Summer is the season to enjoy outdoor activities, to expand ourselves, opening our hearts and taking risks to connect and engage with others. The portal of the Summer Solstice—June 20th—is a transitional peak. Summer is the season of maximal yang (light or bright and active) energy with the longest and warmest days; the season of abundant sun. So, naturally Summer is associated with the fire element. Following the rise of wood energy in the Spring, in the fire phase of early to mid-summer, energy expands outward. 


The heart is the primary organ associated with the fire element—along with the heart’s paired organ, the small intestine, the pericardium (also called the heart protector) and the triple warmer meridian. Interestingly, the heart creates the largest magnetic field of the body which extends out in all directions around us. The heart is the home of spirit, or higher consciousness. The spirit of the heart is known as the Shen in Traditional Chinese Medicine. The corresponding fire element is the source of our capacity for both personal and divine, unconditional love.

The emotion corresponding to the fire element is joy when in balance.  It is the spark of passion, excitement and enthusiasm. When the fire element is out of balance, it is characterized by overexcitement, anxiety and mania or a lack of enthusiasm, emotional flatness and unhappiness. In more extreme cases, excess fire can manifest physically in an irregular heartbeat or palpitations, nervousness, insomnia and agitation. 

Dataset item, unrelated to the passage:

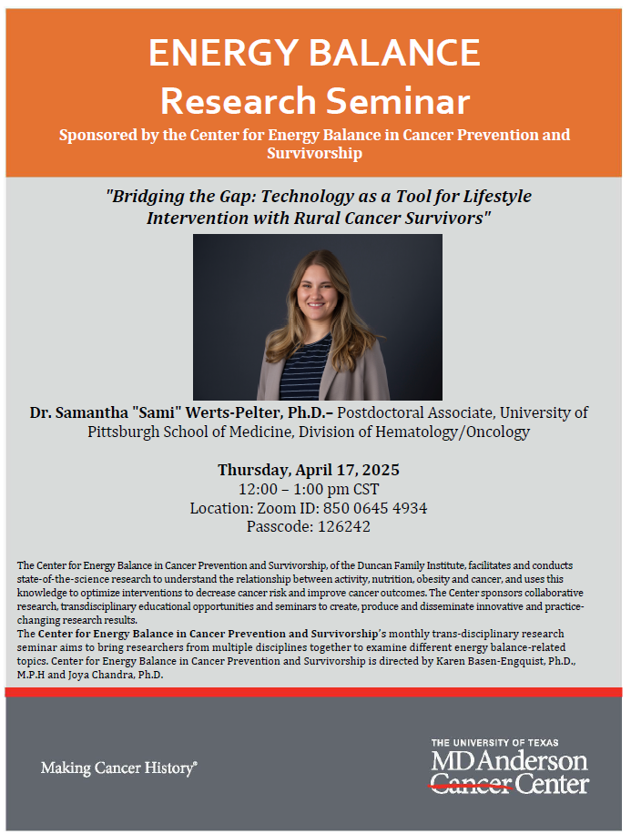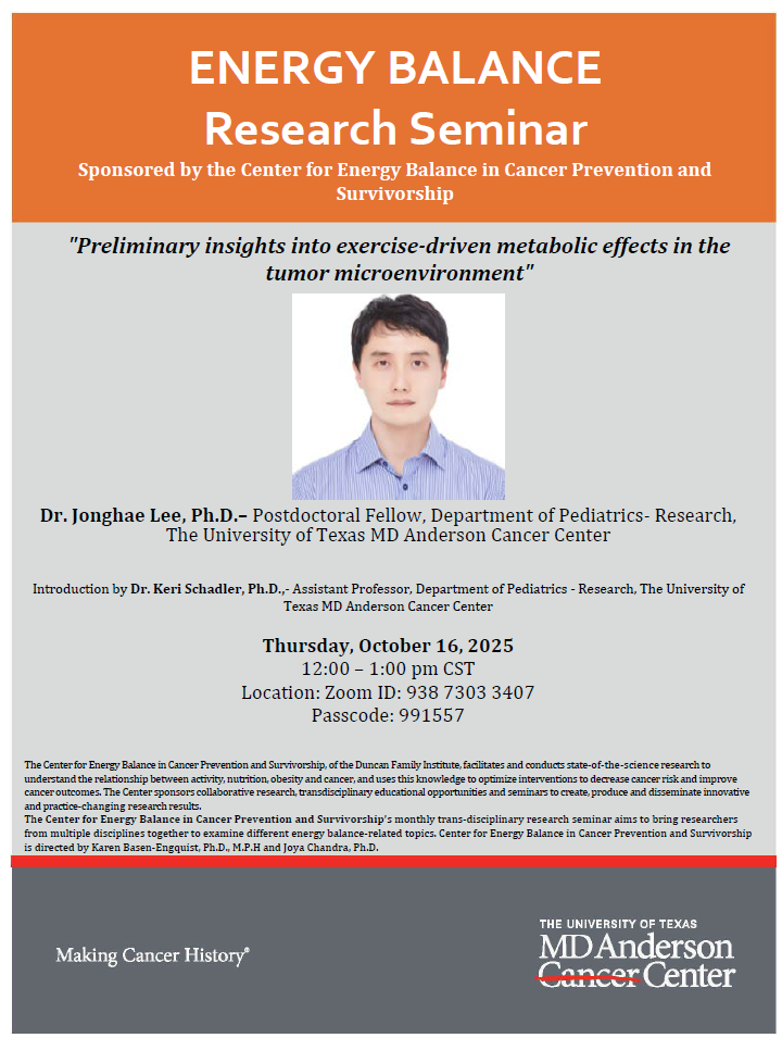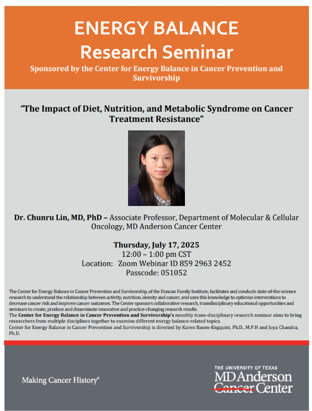 The Center for Energy Balance in Cancer Prevention and Survivorship's monthly transdisciplinary research seminar aims to bring researchers from multiple disciplines together to examine different energy balance-related topics. We intend to highlight the translational and transdisciplinary nature of energy balance research and promote communication between interested researchers.

When the heart is disturbed by emotional imbalance, it cannot house the Shen which is said to wander. Our spirit likes to feel calm, centered and grounded. So, it is restorative to bring scattered attention back into the body, center in the heart, feel emotions, and drop the overthinking mind. When the fire element is balanced, the spirit is at home in the heart and “. . .this energy leads to open heartedness, intimacy, generosity of spirit, optimism, joy, and the heartfelt expression of love.” (Charles A. Moss, MD)


Rest and cooling (yin) is needed to balance excess fire (yang). Be sure not to overdo it during the summertime balancing the pursuit of fun activities with enough rest.

To support the heart, eat lots of bitter and red foods including dandelion, arugula, kale, celery, broccoli rabe, tomato, strawberry and watermelon.